The lines of the Sandwich Mountains, on the northwest, of which the lonely Chocorua, who seems to have pushed his fellows away from him, is the most northerly summit, are the most striking features of the borders of the lake. An American artist who had lived many years in Italy, on a recent visit to this country, went to Winnipiseogee with the writer of these pages. He was greatly impressed and charmed with the outlines of this range, which is seen at once from the boat as she leaves Weir's landing. He had not supposed that any water view in New England was bordered with such a mountain frame. And before the steamer had shot out from-the bay upon the bosom of the lake, he had transferred to his sketch-book its long combination of domes and heavy scrolls and solid walls, all leading to a pyramid that supports a peak desolate and sheer.

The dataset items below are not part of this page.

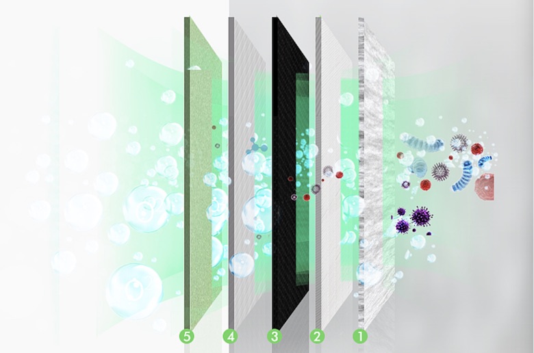 先进的密封净化系统,去除小至PM0.1颗粒物,并且不会将脏空气泄漏回房间;
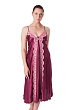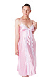 Женская длинная сорочка из однотонного шелка в восточном стиле, полуприлегающего силуэта, расклешенная книзу, на тонких регулируемых бретелях, с отрезным лифом, спинка с глубоким вырезом и декоративным фигурным поясом, полочка по всей длине, вырез спинки и лиф богато декорированы контрастным кружевом с фестонами. Длина изделия до середины икр ног.
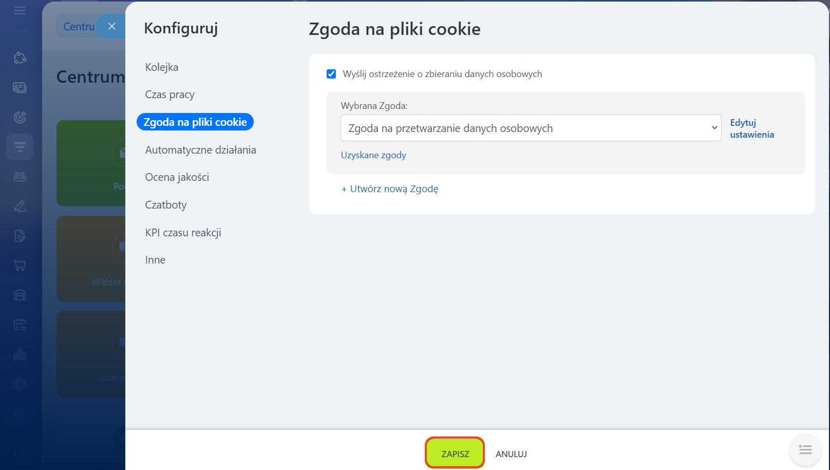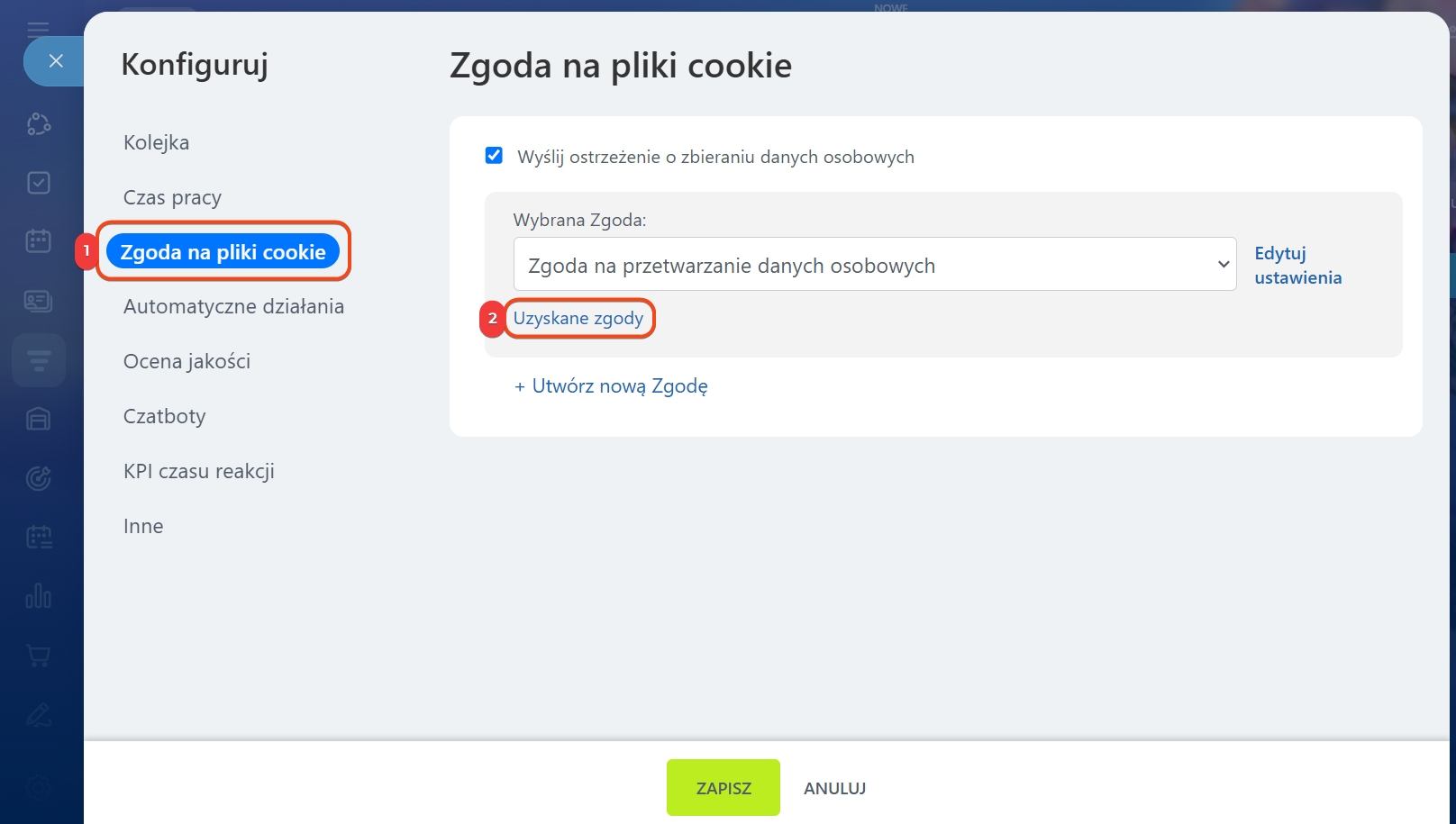 - Sposób potwierdzania zgody zależy od kanału komunikacji. W czacie na żywo klienci widzą tekst zgody i muszą kliknąć Akceptuję. W komunikatorach pojawia się ostrzeżenie, a jeśli klient wyśle wiadomość, zgoda jest uznawana za potwierdzoną.

The most striking picture, perhaps, to be seen on the lake, is a view which is given of the Sandwich range in going from Weir's to Centre Harbor, as the steamer shoots across a little bay, after passing Bear Island, about four miles from the latter village. The whole chain is seen several miles away, as you look up the bay, between Red Hill on the left, and the Ossipee mountains on the right. If there is no wind, and if there are shadows enough from clouds to spot the range, the beauty will seem weird and unsubstantial,-as though it might fade away the next minute. The weight seems to be taken out of the mountains. We might almost say

They are but sailing foam-bells
Along Thought's causing stream,
And take their shape and sun-color
From him that sends the dream.

Only they do not sail, they repose. The quiet of the water and the sleep of the hills seem to have the quality of still ecstasy. It is only inland water that can suggest and inspire such rest. The sea itself, though it can be clear, is never calm, in the sense that a mountain lake can be calm. The sea seems only to pause; the mountain lake to sleep and to dream.
But there is one view which, though far less lovely, is more exciting to one who has been a frequent visitor of the mountains. It is where Mount Washington is visible from a portion of the steamer's track, for some fifteen or twenty minutes. Passing by the westerly declivity of the Ossipee ridge, looking across a low slope of the Sandwich range and far back of them, a dazzling white spot perhaps-if it is very early in the summer-gleams on the northern horizon. Gradually it mounts and mounts, and then runs down again as suddenly, making us wonder, possibly, what it can be. A minute or two more, and the unmistakable majesty of Washington is revealed. There he rises, forty miles away, towering from a plateau built for his throne, dim green in the distance, except the dome that is crowned with winter, and the strange figures that are scrawled around his waist in snow.